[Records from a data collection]

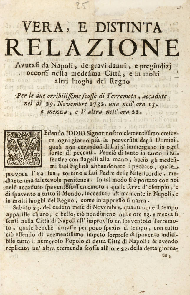 VERA, e distinta relazione avutasi da Napoli, de gravi danni, e pregiudizj occorsi nella medesima Città, e in molti altri luoghi del Regno per le due orribili scosse di Terremoto, accaduto nel dì 29 NOvembre 1732, una nell'ora 13 e mezza, e l'altra nell'ora 22.
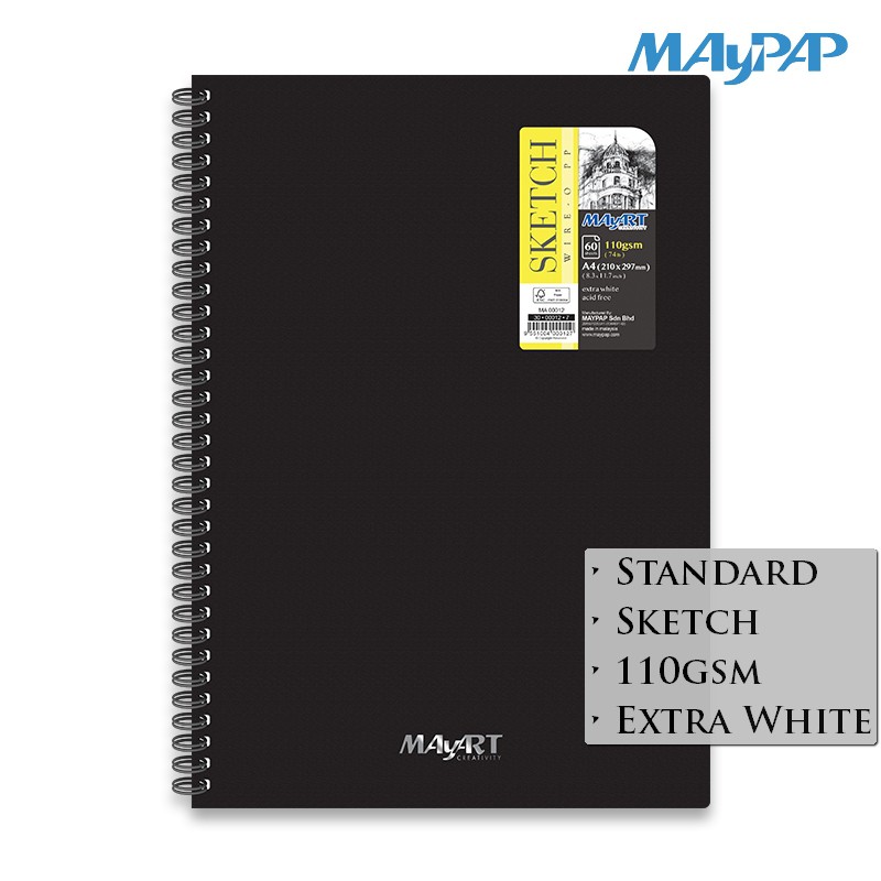 MayArt Wire-O PP Cover Sketch Drawing Book 110gsm 60shts A3 / A4 / A5 Buku Lukis Buku Nota
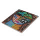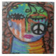 My funky abstract acrylic painting on OSB of a woman with a peace sign on her cheek printed on ceramic tile
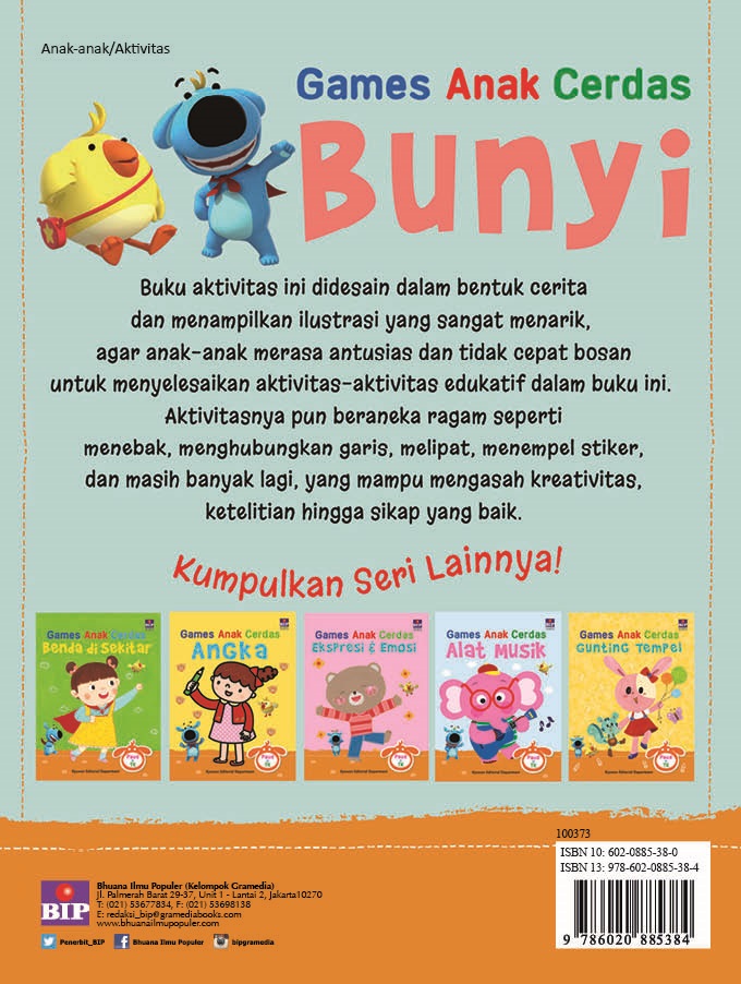 Games Anak Cerdas: Bunyi merupakan buku aktivitas yang sangat menarik serta memberikan aktivitas yang beragam dan unik. Buku aktivitas ini menjelaskan kepada anak-anak mengenai bunyi-bunyian, misalnya bunyi benda di sekitar, suara hewan, dan sebagainya.
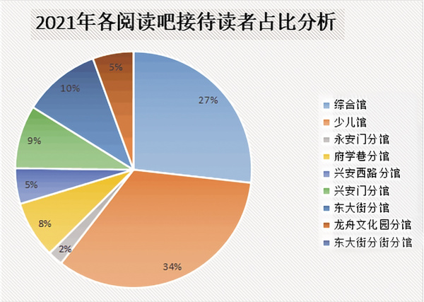 2021年,接待人數(shù)最多的閱讀場館也是少兒館,接待人數(shù)147188人次,占全年接待讀者總?cè)藬?shù)的34%。借閱排行榜的前20名均為少兒圖書,其中楊紅櫻所著《笑貓日記·藍(lán)色的兔耳朵草》全年借閱次數(shù)達(dá)到97次。這表明,隨著雙減政策的落地和少兒閱讀積分存折、親子閱讀等少兒閱讀推廣活動的開展,極大地調(diào)動了少兒群體的閱讀積極性,圖書館正逐漸成為學(xué)生群體課余生活的新選擇。

Problem details: The answer must consist solely of the lines from the first line of the records through the line containing "My funky abstract", reproduced exactly and without the pictures.

Exercise output:
 VERA, e distinta relazione avutasi da Napoli, de gravi danni, e pregiudizj occorsi nella medesima Città, e in molti altri luoghi del Regno per le due orribili scosse di Terremoto, accaduto nel dì 29 NOvembre 1732, una nell'ora 13 e mezza, e l'altra nell'ora 22.
 MayArt Wire-O PP Cover Sketch Drawing Book 110gsm 60shts A3 / A4 / A5 Buku Lukis Buku Nota
 My funky abstract acrylic painting on OSB of a woman with a peace sign on her cheek printed on ceramic tile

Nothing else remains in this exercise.